Çin zulmü altında ezilen Doğu Türkistan’daki Uygurlar yaşam mücadelesi verirken Çin rejiminin uyguladığı soykırıma sesini çıkaramayan AKP iktidarı, Türkiye’ye sığınan Uygurların evlerini basıp ‘terör’ suçlamasıyla gözaltına alıyor.
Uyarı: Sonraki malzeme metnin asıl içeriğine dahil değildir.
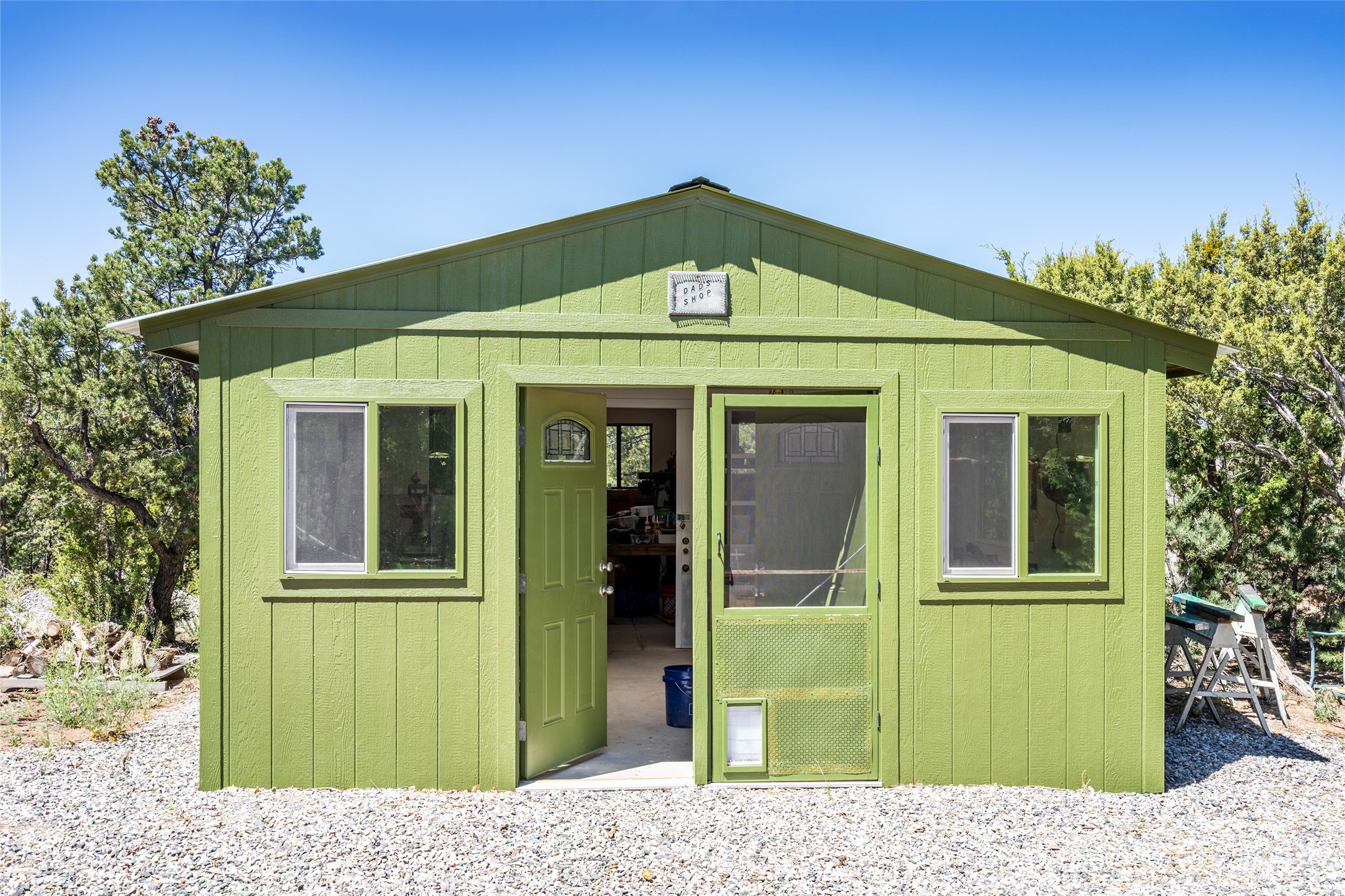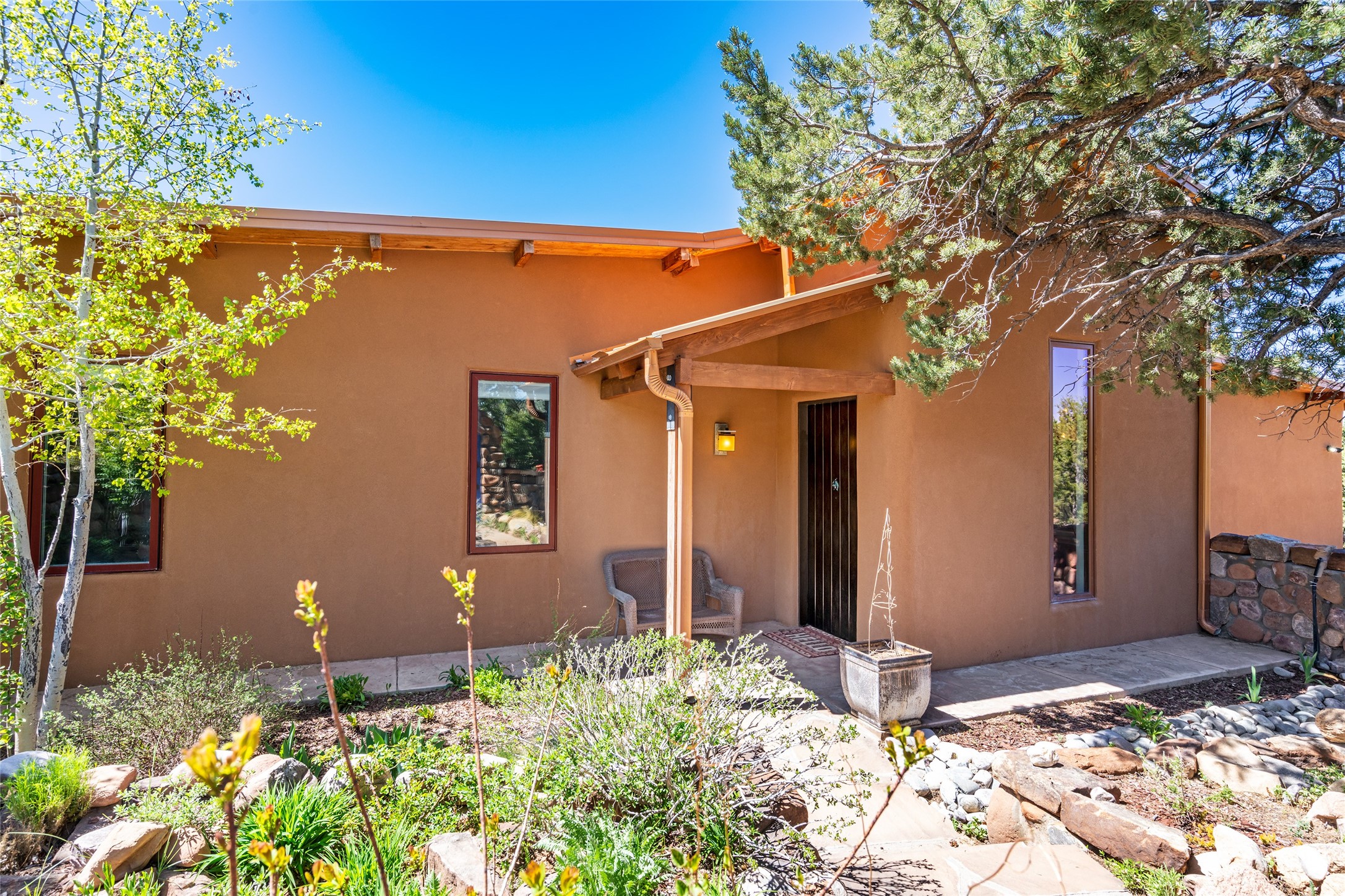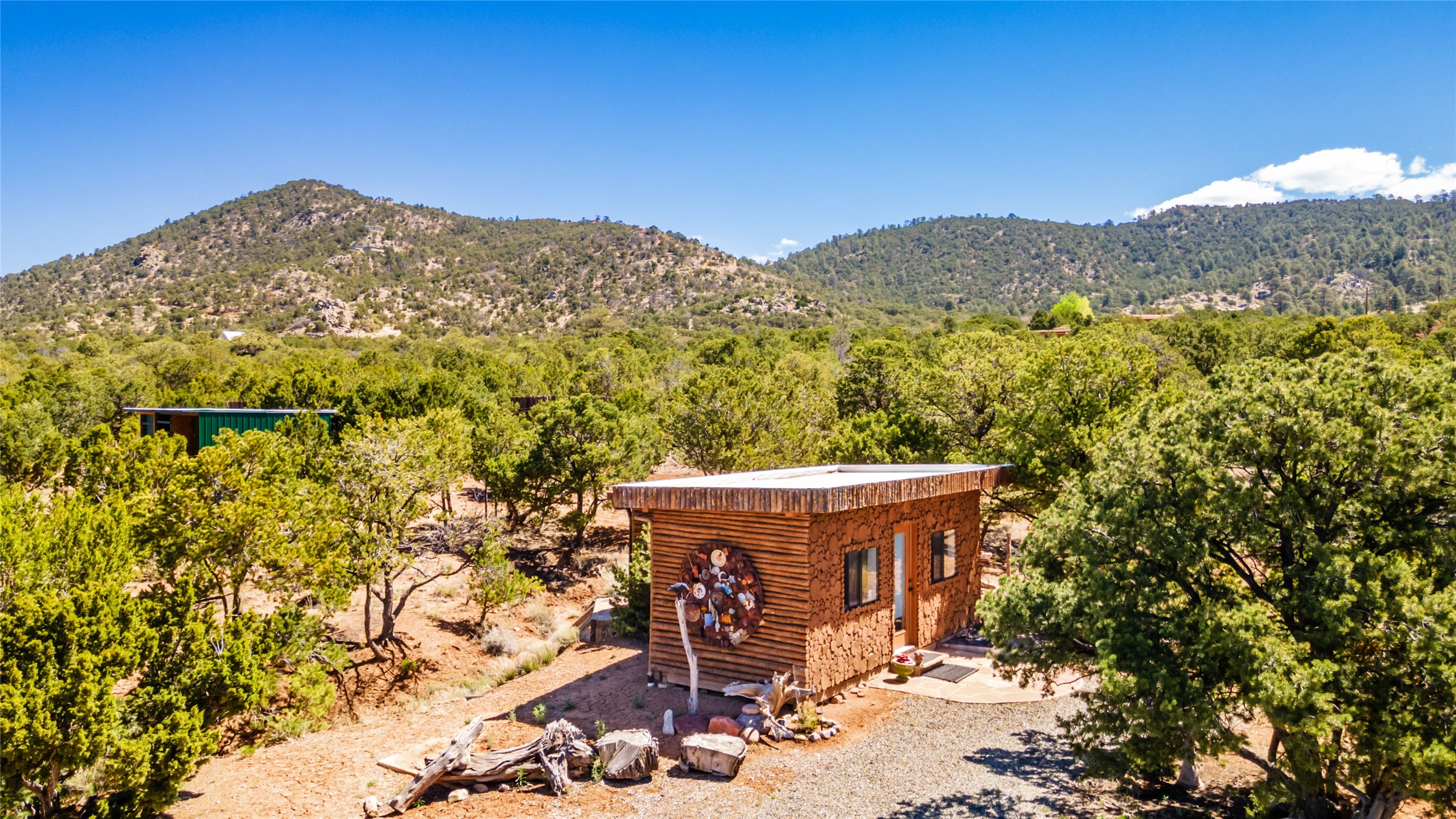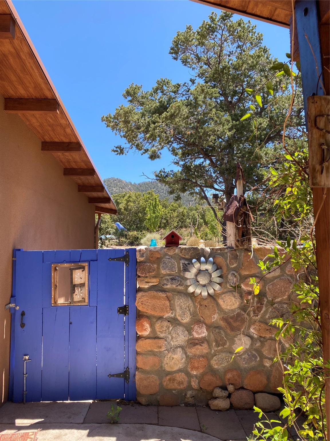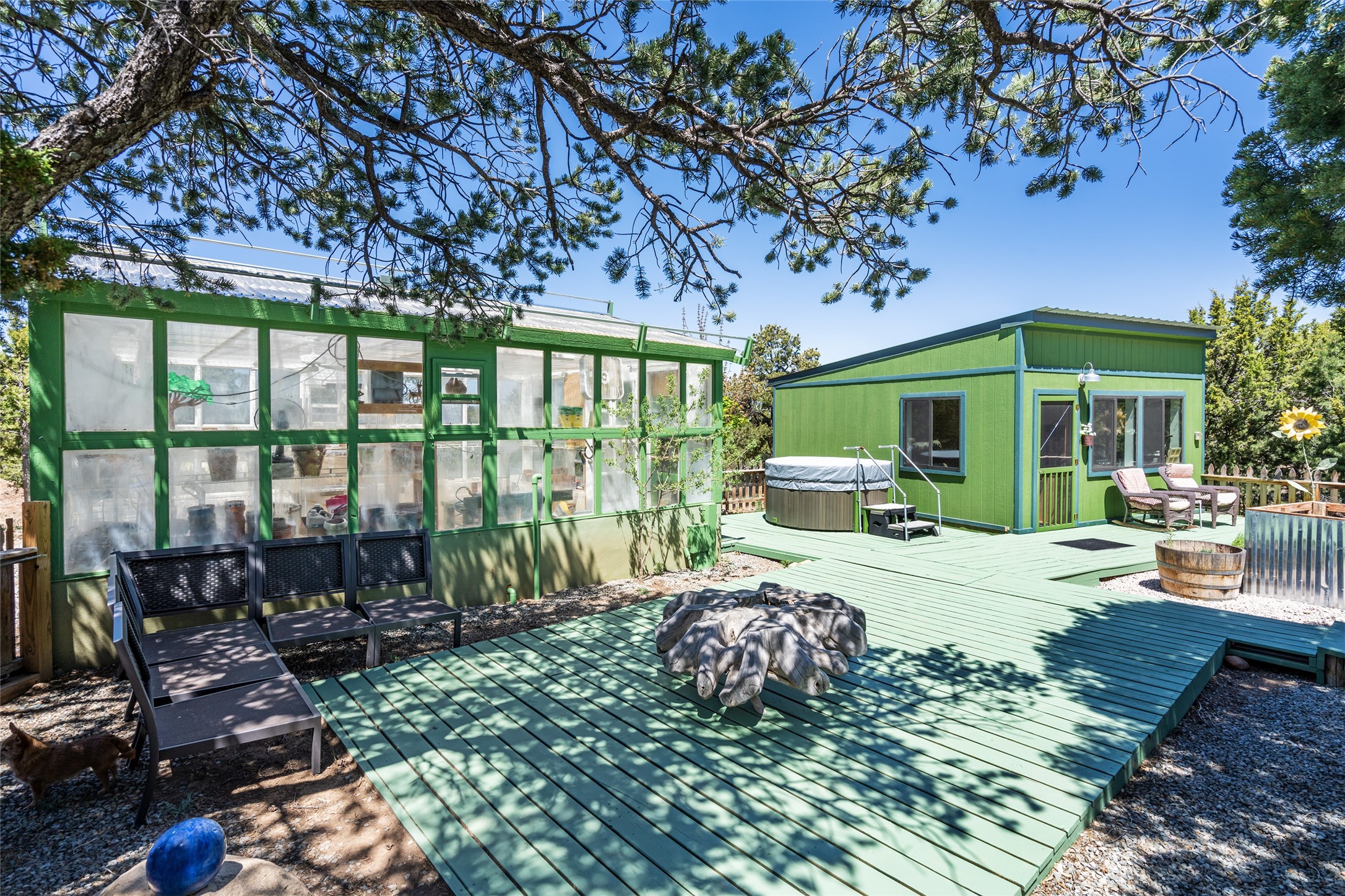Welcome to this custom and unique gated compound on 5.76 acres just off the Old Santa Fe Trail. Built in 2016, the celebrated designer Todd Oldham credits his parents Linda and Jack Oldham with creating an "incubator of creativity." This fully fenced property features a pitched roof main house, a glass house with salvaged stained glass windows, a container modified into a hip, log cabin casita, a green house, an art house/studio, a wood shop, barn and stable. Lush and mature landscaping throughout with gardens galore and extensive rock work. Rare iris, mallows, clematis, plum, peach and cherry trees plus garden stone beds for growing corn, tomatoes, greens, cucumbers, sweet peas and strawberries; a true gardeners paradise. A private well with 13 acre feet of water and two, 2000 gallon tanks for efficient water reclamation. The main house at 4268 square feet has a pitched ceiling, an entry way with handmade tile and restored metal 1940s chandeliers, three bedrooms, large primary bathroom w/custom handmade tiles, one 3/4 bathroom and a colorful and artistically tiled 3rd bathroom, 1/2 bath with bird motif walls, den/studio, kitchen, walk-in pantry and plenty of wall space for artwork and collectibles. The kitchen has black marble counter tops and marble hexagon green tiled back splash with antique glass windows above the sink, double sided spice rack and stainless appliances. The over sized garage is 1461 sq. ft and has ample bonus storage. Solar panels are owned and provide 40% of the electricity which provides an effortlessly comfortable and thermally efficient environment. This is a remarkable, story book setting punctuated with bursts of color from mosaics, stained glass and other art installations created by the entire family. Just 10 minutes to the Santa Fe Plaza, near Harry's Road House, El Gancho Club and easy access to I-25. Don't miss seeing this private and peaceful retreat.
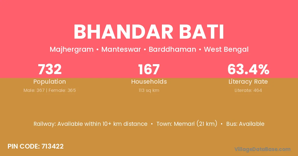 Memari (21 km) is the nearest town to Bhandar Bati village for major economic activities and is located approximately 21 km away.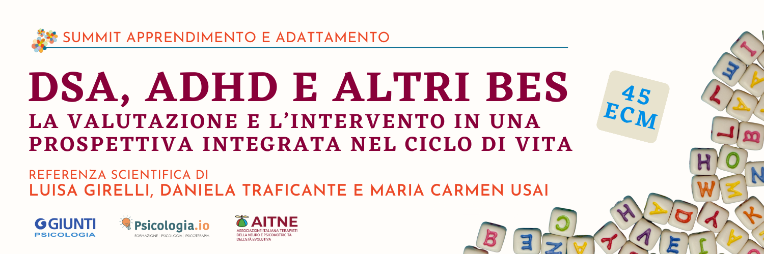 Il convegno ha l’obiettivo di approfondire e discutere gli aggiornamenti su alcune condizioni che possono influenzare in modo rilevante i processi di apprendimento e adattamento nel corso dello sviluppo, con importanti implicazioni anche per l’età adulta: i disturbi specifici di apprendimento (DSA), il disturbo da deficit di attenzione e iperattività (ADHD) e altre condizioni che possono indurre particolari difficoltà in diversi contesti e che, insieme a DSA e ADHD, vengono riconosciute come Bisogni Educativi Speciali (BES)

Çin’de Ulusal Halk Kongresi Daimi Komitesi, Çin ile Türkiye arasında 2017’de imzalanan fakat TBMM’nin henüz onaylamadığı Suçluların İadesi Anlaşması’nı oylayarak kabul ettiğini duyurdu. Çin Komünist Partisi, Türkiye’ye sığınmış ve “terör suçu” işlediğini ileri sürdüğü Uygurların sınır dışı edilmesi sürecini hızlandırmayı hedeflerken 19 Ocak’ta polis şafak vakti düzenlediği baskında aralarında çocuklu annelerin de olduğu çok sayıda Uygur’u gözaltına aldı.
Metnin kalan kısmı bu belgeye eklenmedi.